The team is looking for $575,000 to develop Episode One of the game, based on Volume One of the comics. The hyper gory alien slash-em-up will initially launch on Steam, with Xbox Live and PSN releases following soon after. The team hopes that if they are successful in developing Episode One, they could then use the groundwork to develop further episodes and expand the comic book mythology. A pledge of $15 will guarantee a copy of the game, while if you are feeling flush and are a fan of TV show Hung, $10,000 will buy you a VIP dinner with co-creator (and movie star) Thomas Jane and artist Tim Bradsheet (they do stipulate you have to get to Los Angeles yourself, though!).
This Cyberpunk RPG, which looks to owe a little to Team Fortress 2 for its visual style, is the pet project of Leviathan Industries. The studio has consciously positioned itself away from a world populated by elves, orcs and magic, ending up in a neo-dystopian future sci-fi realm that harkens to the likes of Blade Runner, Metropolis, and Dune. The story consists of four friends who travel underneath their utopian city on the planet Lodus, discovering the remains of advanced civilisations. They journey deeper down to try and uncover the secrets left behind long ago.
One aspect that makes this project stick out is that the development team of Garrett Schultz, Hans Pasricha and Cameron McAteer have hired Hollywood fight choreographers to motion capture the combat elements of the game. They do not wish to get bogged down in the world of stats, and so are embellishing a combat system akin to that found in Skyrim so that the player can focus on the kick-ass choreography.

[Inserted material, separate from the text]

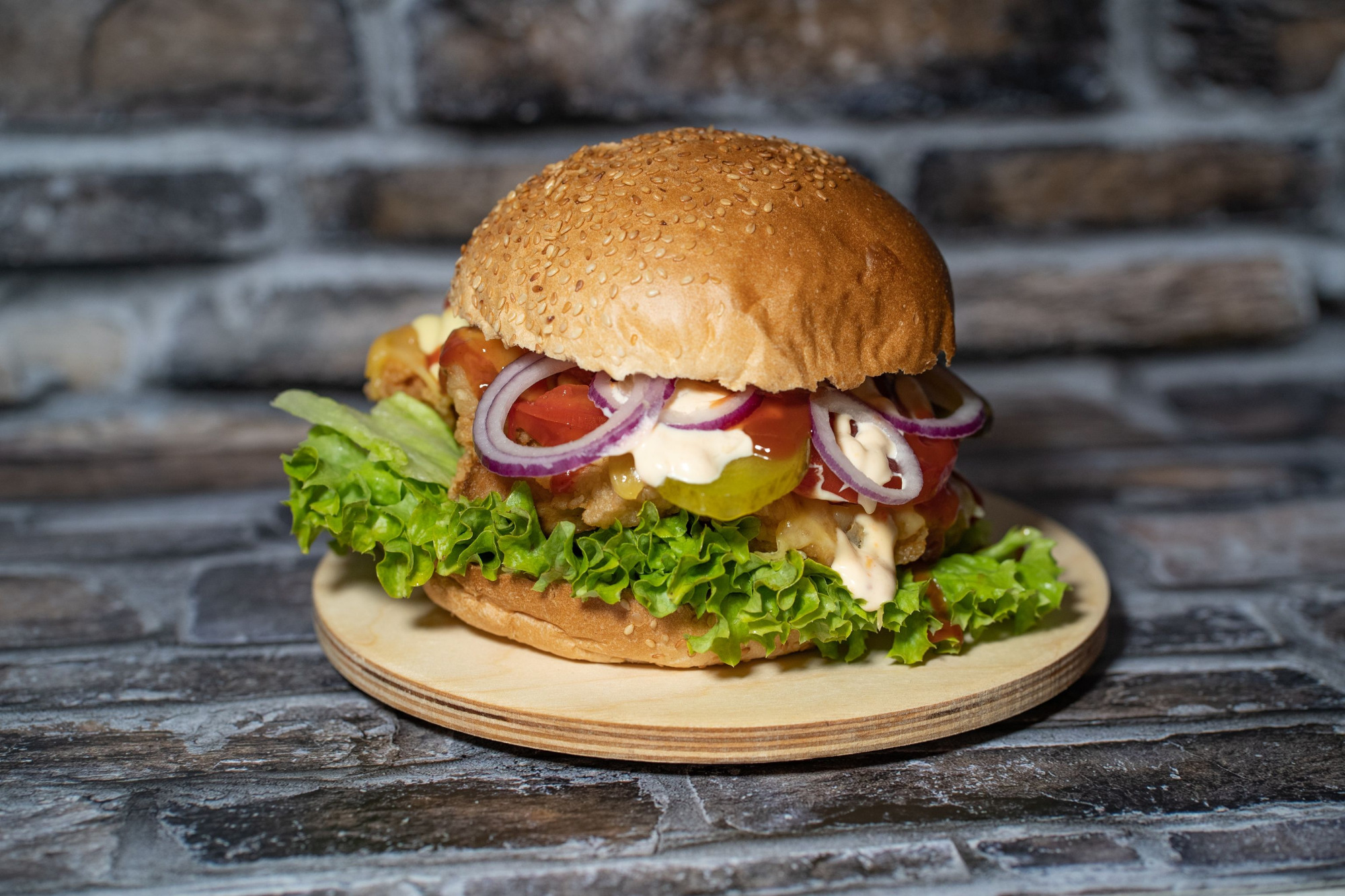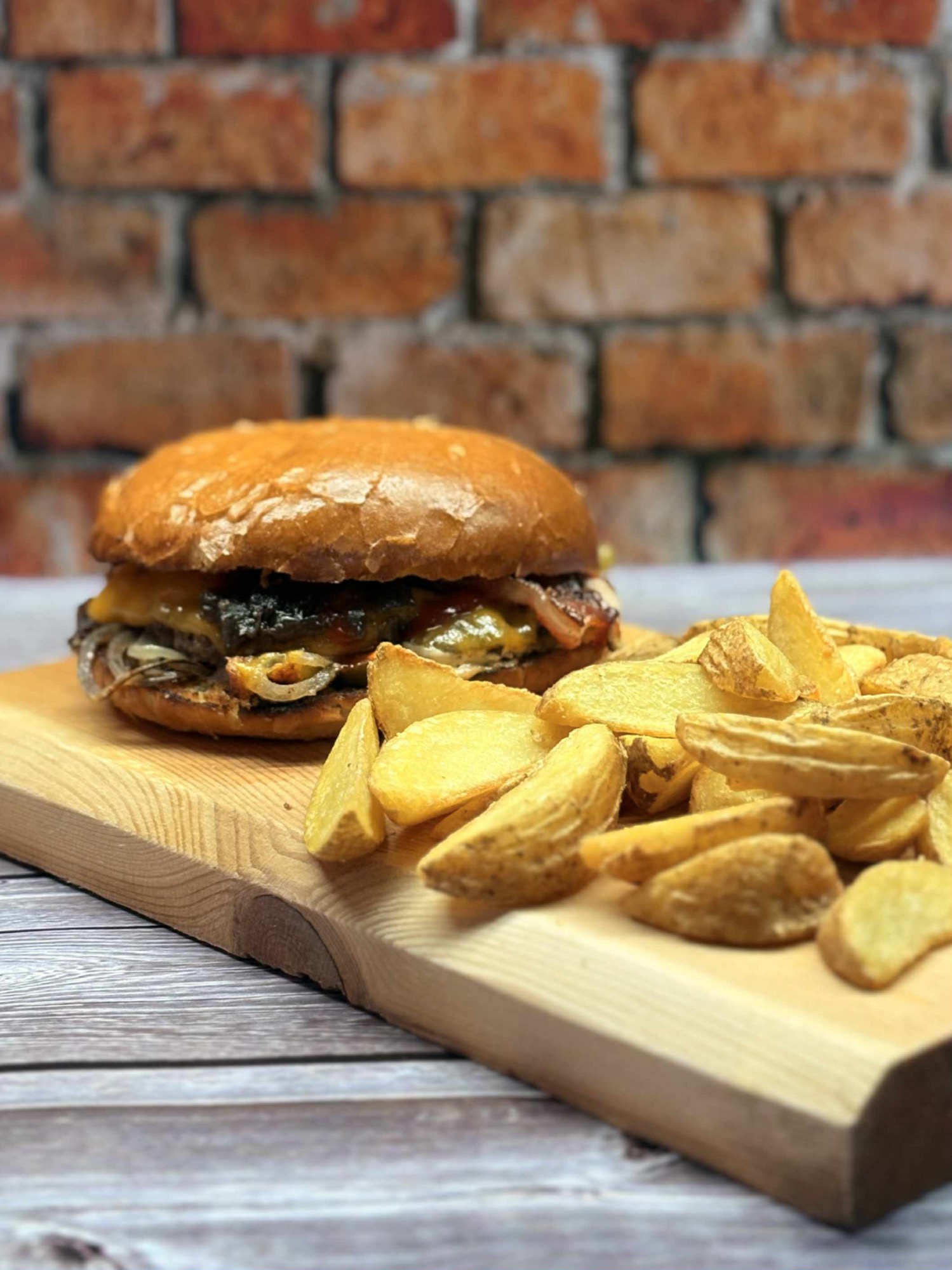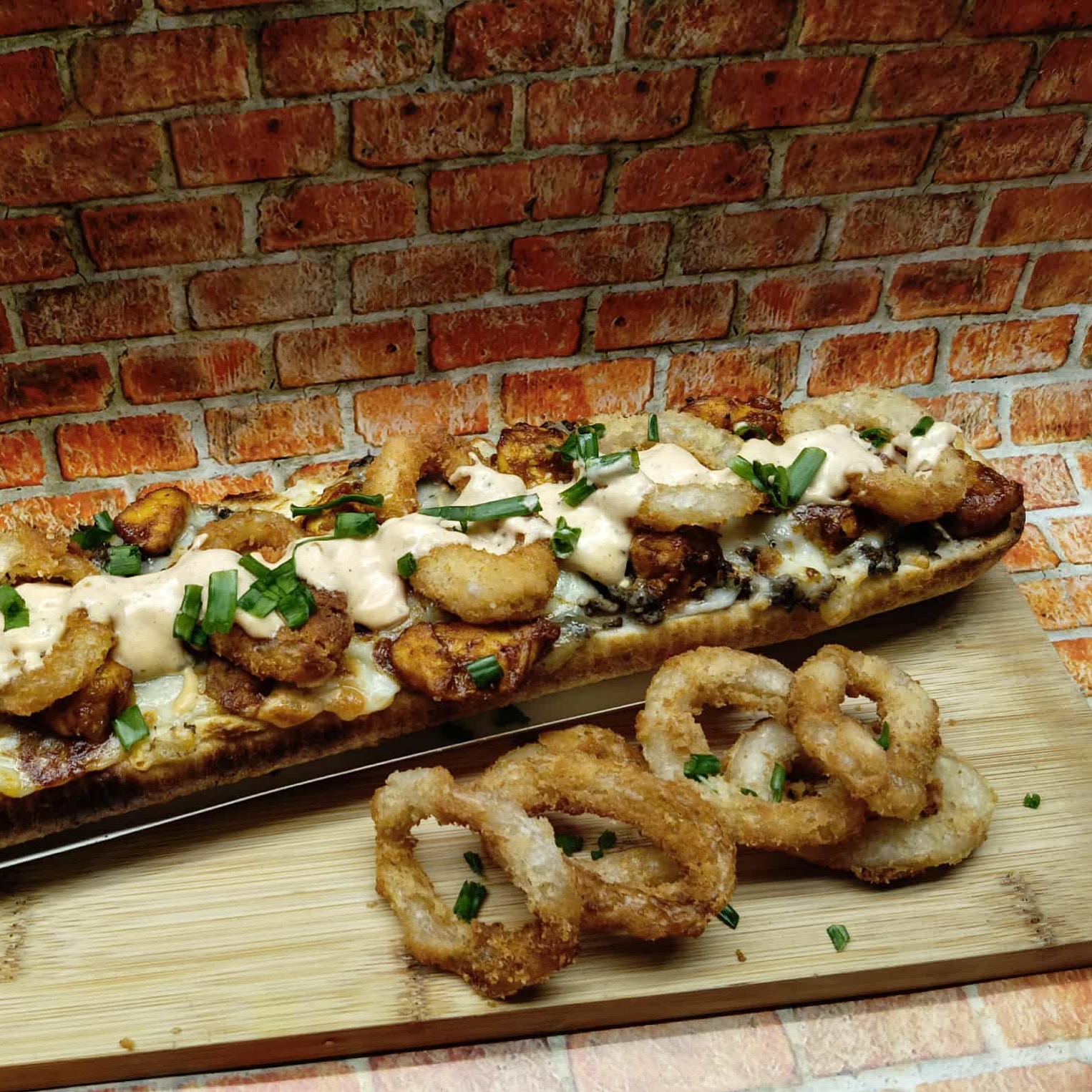 Chrupiące krążki cebulowe, aromatyczny kurczak barbecue, ciągnący się ser i nasz wyjątkowy sos.

Leviathan is initially seeking the relatively small sum of $50,000 to just get the project off the ground in the hope that it can propel the production further with the likes of a demo. While a $10 donation will reward you with a wallpaper and credit in the final game, $5,000 will see you spending a day with the developers, helping design a weapon for the game, as well as getting a private lesson with their sword masters, one of whom taught Russell Crowe on Master & Commander.
Although this Kickstarter pitch is perhaps lacking compared to the others, the idea of Thoughts? intrigued me enough to read on. Besides, I love the underdogs. The concept for this 3D platformer is relatively simple; the most boring man on the planet has finally, FINALLY had one original, inspired thought. This intangible cloud of ideas must circumnavigate the dangers of the subconscious in order to be heard, battling against other mundane thoughts like Procastination or UTP (Urge To Pee) as they journey through different areas of the brain.
The developers have not made themselves known (beyond the mysterious Zac), but they are hoping to raise $11,000 for Unity3D Pro and Autodesk Maya licenses before working on other elements such as sound. While they may wish to have spent more time working on their Kickstarter plan, there is no denying the group’s passion. As Zac says, “We are a young team, yes, but that does not mean we don’t work as hard at what we do or care any less about it.” $1 donation gets you a special thanks credit, while $15 will grant you a DRM-free version of the finished game. Dropping $2,000 will grant you EVERYTHING (including, bizarrely, a tweet-sized piece of dialogue and an in-game advertisement in the Dream level).
I hope all of these Kickstarters receive the funding they need, just to get some more potentially awesome self-started games out there. What do you think? Do any of these interest you? Are there any games on Kickstarter you’d like us to write about?”